----- SUPPLIED INFORMATION -----

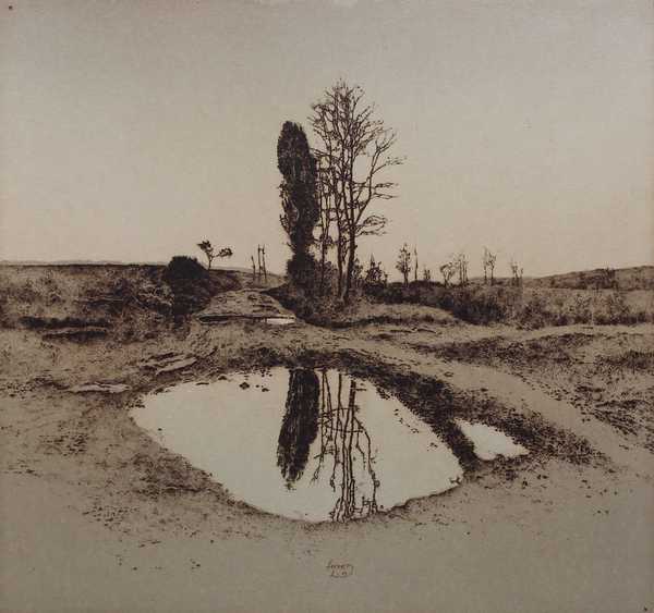 Walter Herzog, Radierung, Gegend bei G., 2007, Bildformat 26,4 x 27,8 cm, Papierformat 43,0 x 39,0 cm
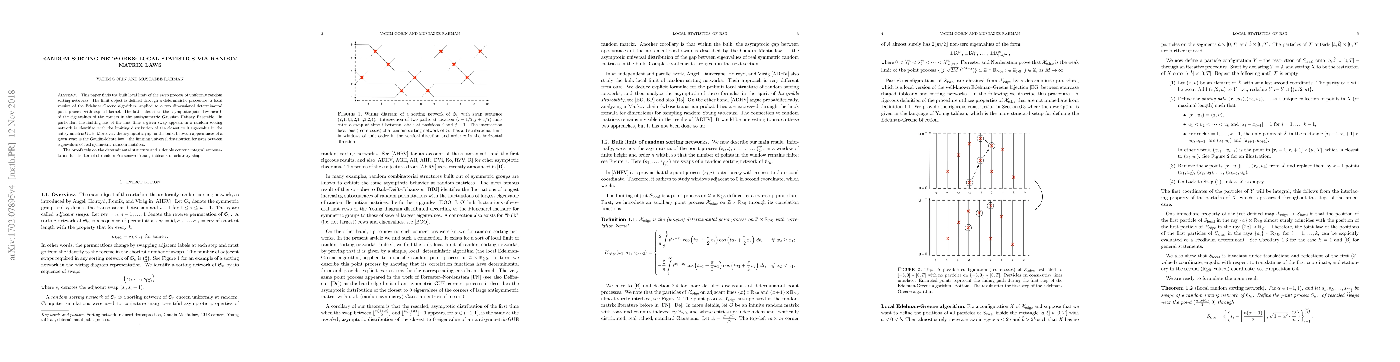 This paper finds that the time between swaps in a random sorting network follows the Gaudin-Mehta law, which describes gaps between eigenvalues of real symmetric random matrices, with the first swap's appearance related to the closest-to-zero eigenvalue of an antisymmetric Gaussian Unitary Ensemble.
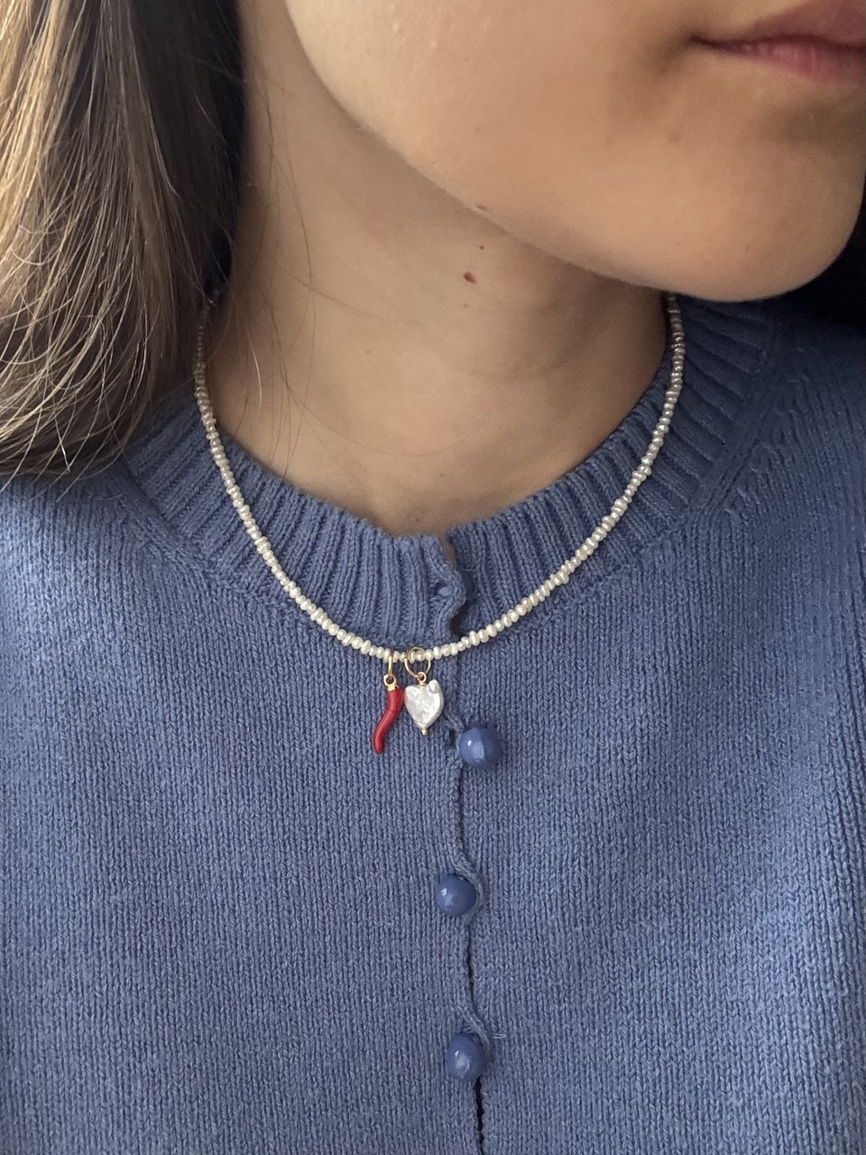 The necklace has 19 handmade bead hearts. Making one necklace takes around 9 hours of manual work. Also available with silver color fittings.
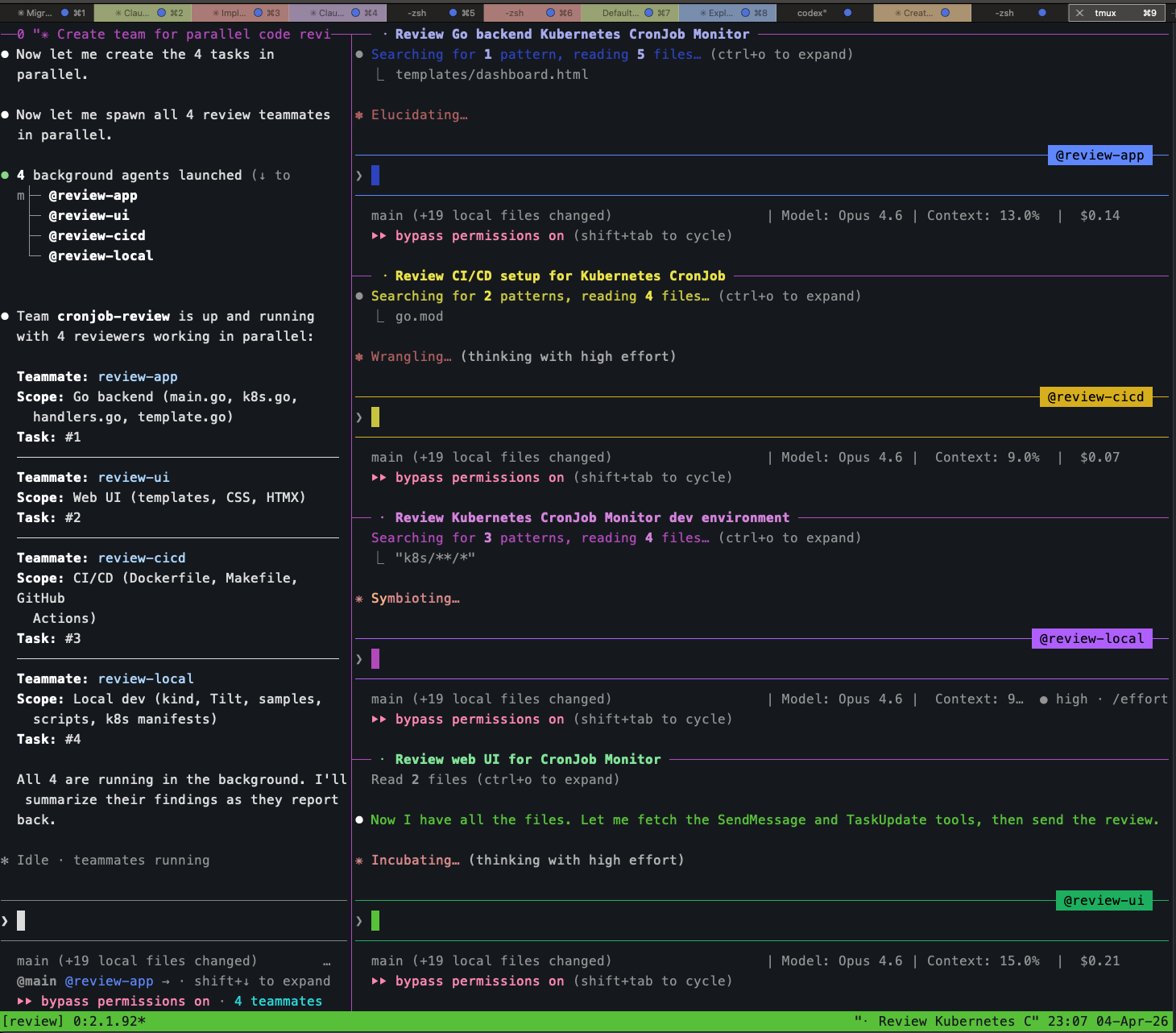 Here’s what that looks like with four teammates running a code review in parallel, each in its own pane:

-----

# [AIM OF THE EXERCISE]
Output the listing above exactly, but leave its pictures behind.

# [REPLY]
 Walter Herzog, Radierung, Gegend bei G., 2007, Bildformat 26,4 x 27,8 cm, Papierformat 43,0 x 39,0 cm
 This paper finds that the time between swaps in a random sorting network follows the Gaudin-Mehta law, which describes gaps between eigenvalues of real symmetric random matrices, with the first swap's appearance related to the closest-to-zero eigenvalue of an antisymmetric Gaussian Unitary Ensemble.
 The necklace has 19 handmade bead hearts. Making one necklace takes around 9 hours of manual work. Also available with silver color fittings.
 Here’s what that looks like with four teammates running a code review in parallel, each in its own pane:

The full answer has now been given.